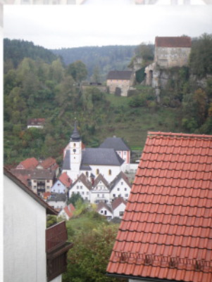
Motiv fra Pottenstein

Yderligere info: Ring 8635 2740 el. 5051 0055 til Linda Lægdsmand
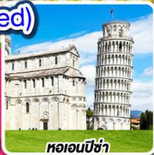
หออนปิซ่า
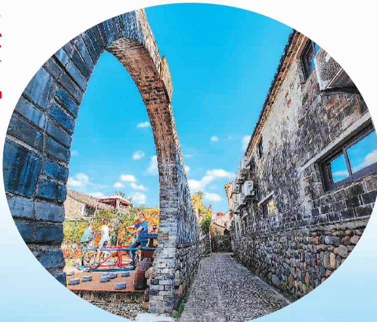
宁海河洪村的美丽庭院中，游客正在体验特殊的骑行运动。
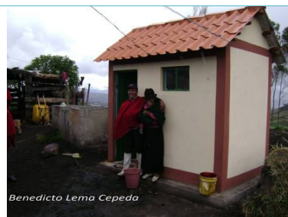
Uno dei 27 bagni familiari costruiti nel villaggio di Cochaloma, Canton Colta.
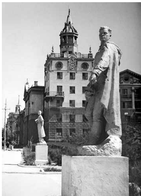
В. С. Данини, С. Чернобай. «Дом со шпилем» на углу Мичуринского переулка и улицы Мира, 23, лит. А (1954 г.). Фото 1959 г.

выделить удачные, годные для дальнейшего применения. Типовые разработки московских проектных мастерских не были рассчитаны на климат южных районов.
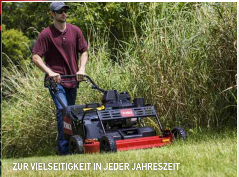
ZUR VIELSEITIGKEIT IN JEDER JAHRESZEIT

©2017 The Toro Company. Alle Rechte vorbehalten.
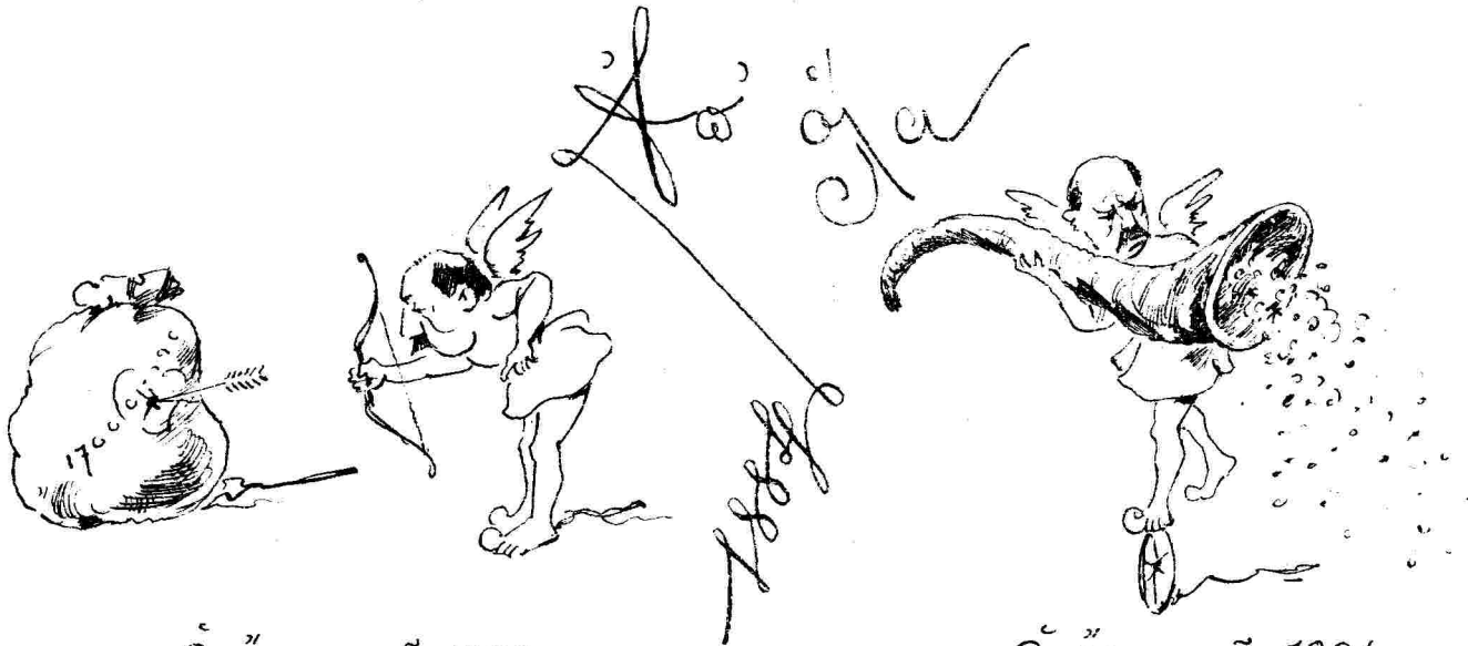
Ὁ ἔρως τοῦ 1883.
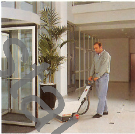
In Foyers den Schmutz rasch beseitigen!
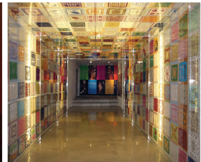
Tunnel in het museum met de kanten werkjes
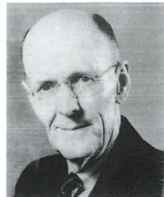
ロータリーの創始者 ポール・ハリス氏 (1868～1947)
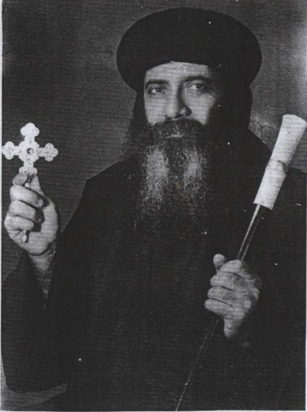
قداسة البابا المعظم الأنبا شنودة الثالث
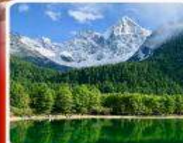
อุทยานπίงโกว
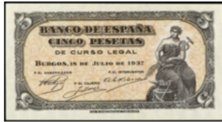
931 150 €
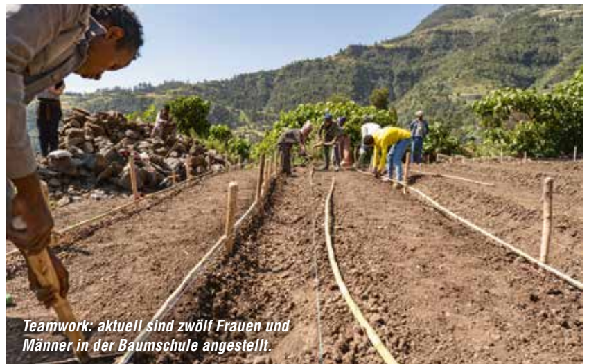
Teamwork: aktuell sind zwölf Frauen und Männer in der Baumschule angestellt.

ckend und offen für Veränderung, sind wichtig für Menschen für Menschen . Besonders zu Beginn eines neuen Projektes. „Ihre Nachbarn sehen die Erfolge der Modellbauern und interessieren sich ebenfalls für unsere Arbeit.“
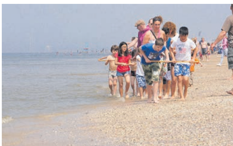
Vissen met een kor.

Reserveren/aanmelden via: www.np-zuidkennemerland.nl . Informatie dinsdag t/m zondag via 023-5411123.
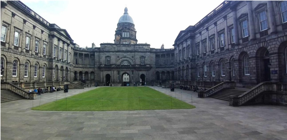
| Old College, Universidad de Edimburgo

Entre el 16 y el 20 de julio de 2024 se ha celebrado el 34.º Congreso Internacional de ASELE (Asociación para la enseñanza del español como lengua extranjera). La cita anual, que ha reunido a más de 350 profesores de español venidos de diferentes países y latitudes, ha tenido lugar esta vez en Edimburgo, siguiendo la costumbre instaurada por ASELE desde 2019 para alternar la organización de su congreso en ciudades españolas y en ciudades fuera de España: Oporto en 2019 y Verona en 2022 son los dos precedentes a esta cita en Edimburgo. Se persigue, así, otorgar a este encuentro una dimensión internacional e incrementar la presencia de ASELE en diferentes territorios, objetivo hacia el que se va avanzando, pues ya más de la mitad de los socios de ASELE son profesionales de la enseñanza del español que residen y trabajan fuera de España, en 73 países distintos.
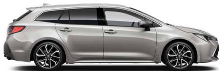
1J6 Krómezüst o 300 000 Ft
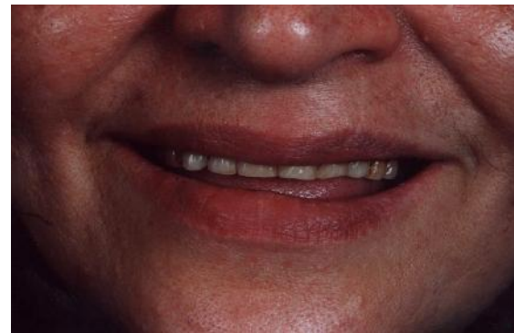
شکل ۱۴- دندان لبخند بیمار با دنچر نامناسب

مرحله ۱: نمای لبخند بیمار با دنچر نامناسب می‌باشد (شکل ۱۴).
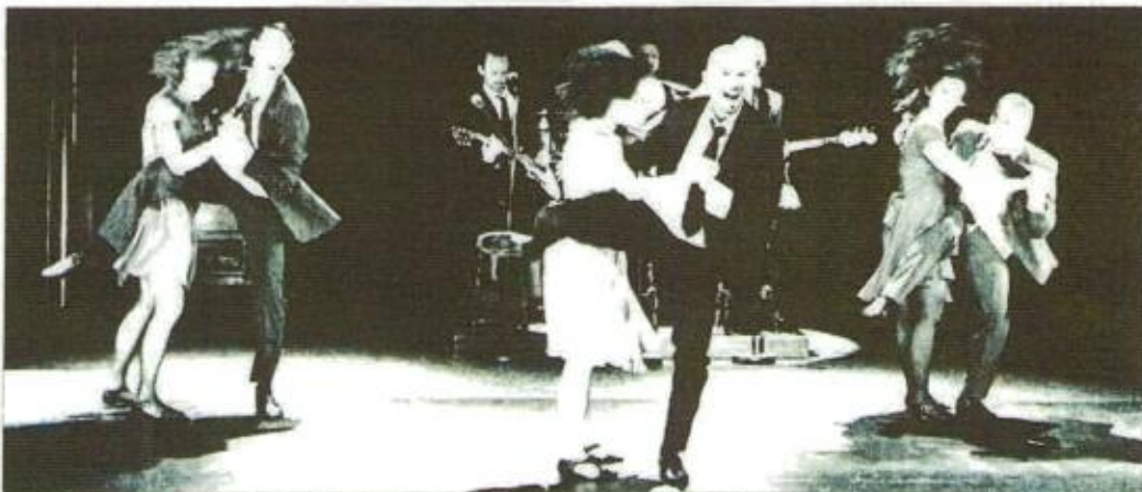
Viel Aktion, wenig Worte: Jakob Ahlboms „Innenschau“ unterhält durch hintergründige Perspektivenwechsel.
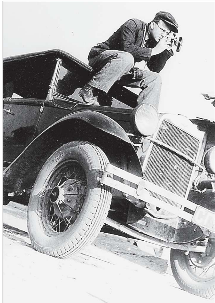
Увлечение фотографией выросло в дело жизни. Его снимки публиковали «Известия», «Литературная газета»
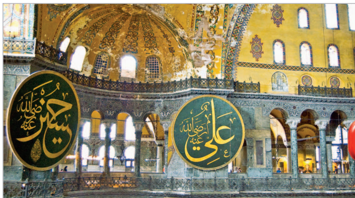
■ В мечети Айя-София

похожей на гигантскую жабу). Я с этим не согласен, но образ говорит сам за себя, он оправдан, что называется, технологически – снаружи много всего «распластанного», – и все для того, чтобы выдержать огромную тяжесть каменного «небесного свода».
========
▶ _EXERCISE REQUIREMENTS_
Please find each line in the records above that holds the word "نامناسب", and copy it.

▶ _RESPONSE BOX_
شکل ۱۴- دندان لبخند بیمار با دنچر نامناسب
مرحله ۱: نمای لبخند بیمار با دنچر نامناسب می‌باشد (شکل ۱۴).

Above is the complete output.